§ PROBLEM REQUIREMENTS: Going through the material below, output exactly the lines from the one containing "Информационно-издательский отдел по" through the one containing "4528 - س: عنبسة", and no pictures.

§ EXTRACTED ENTRIES:
+--
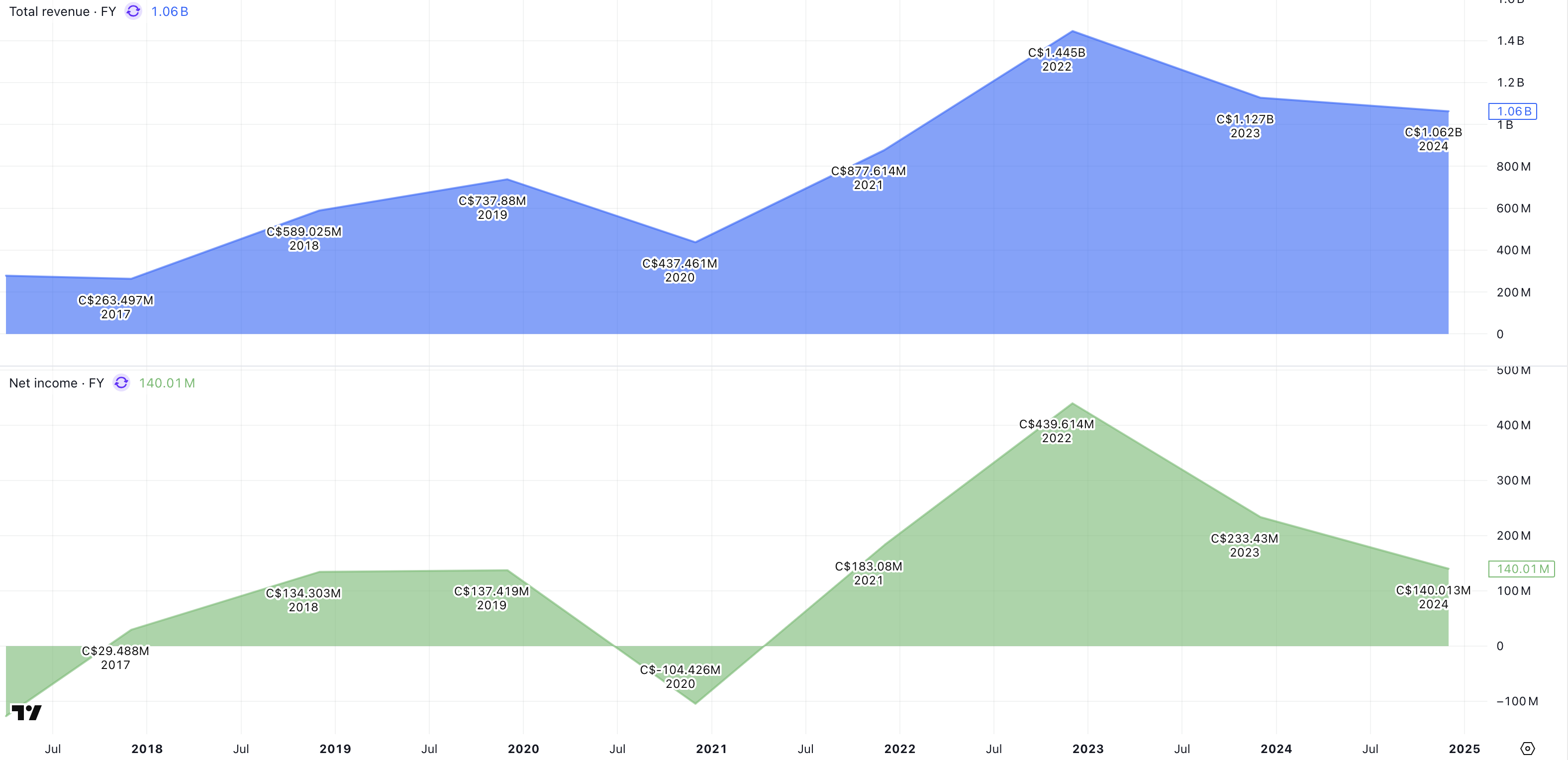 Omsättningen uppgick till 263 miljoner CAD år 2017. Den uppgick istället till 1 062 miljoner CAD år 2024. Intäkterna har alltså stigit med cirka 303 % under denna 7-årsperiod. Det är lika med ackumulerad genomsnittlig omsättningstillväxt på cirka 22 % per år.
+--
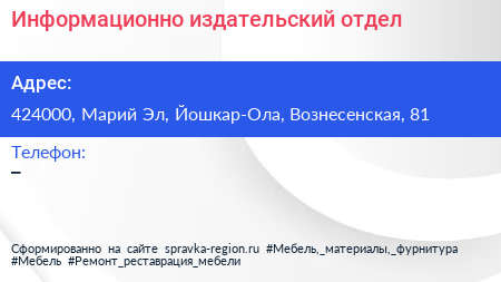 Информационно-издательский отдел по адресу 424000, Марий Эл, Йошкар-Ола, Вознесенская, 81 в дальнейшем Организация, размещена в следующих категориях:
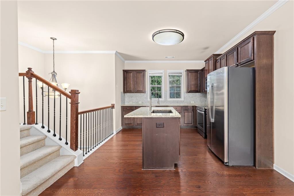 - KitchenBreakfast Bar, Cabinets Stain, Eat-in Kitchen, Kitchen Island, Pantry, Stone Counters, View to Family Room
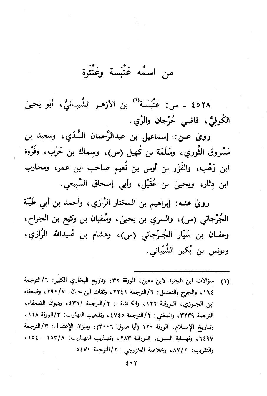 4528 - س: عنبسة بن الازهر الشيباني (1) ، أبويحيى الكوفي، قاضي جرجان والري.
+--
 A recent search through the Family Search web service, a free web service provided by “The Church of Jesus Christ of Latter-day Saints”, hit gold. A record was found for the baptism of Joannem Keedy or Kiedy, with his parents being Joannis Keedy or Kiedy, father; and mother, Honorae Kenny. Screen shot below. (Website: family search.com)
+--
§ OUTPUT:
 Информационно-издательский отдел по адресу 424000, Марий Эл, Йошкар-Ола, Вознесенская, 81 в дальнейшем Организация, размещена в следующих категориях:
 - KitchenBreakfast Bar, Cabinets Stain, Eat-in Kitchen, Kitchen Island, Pantry, Stone Counters, View to Family Room
 4528 - س: عنبسة بن الازهر الشيباني (1) ، أبويحيى الكوفي، قاضي جرجان والري.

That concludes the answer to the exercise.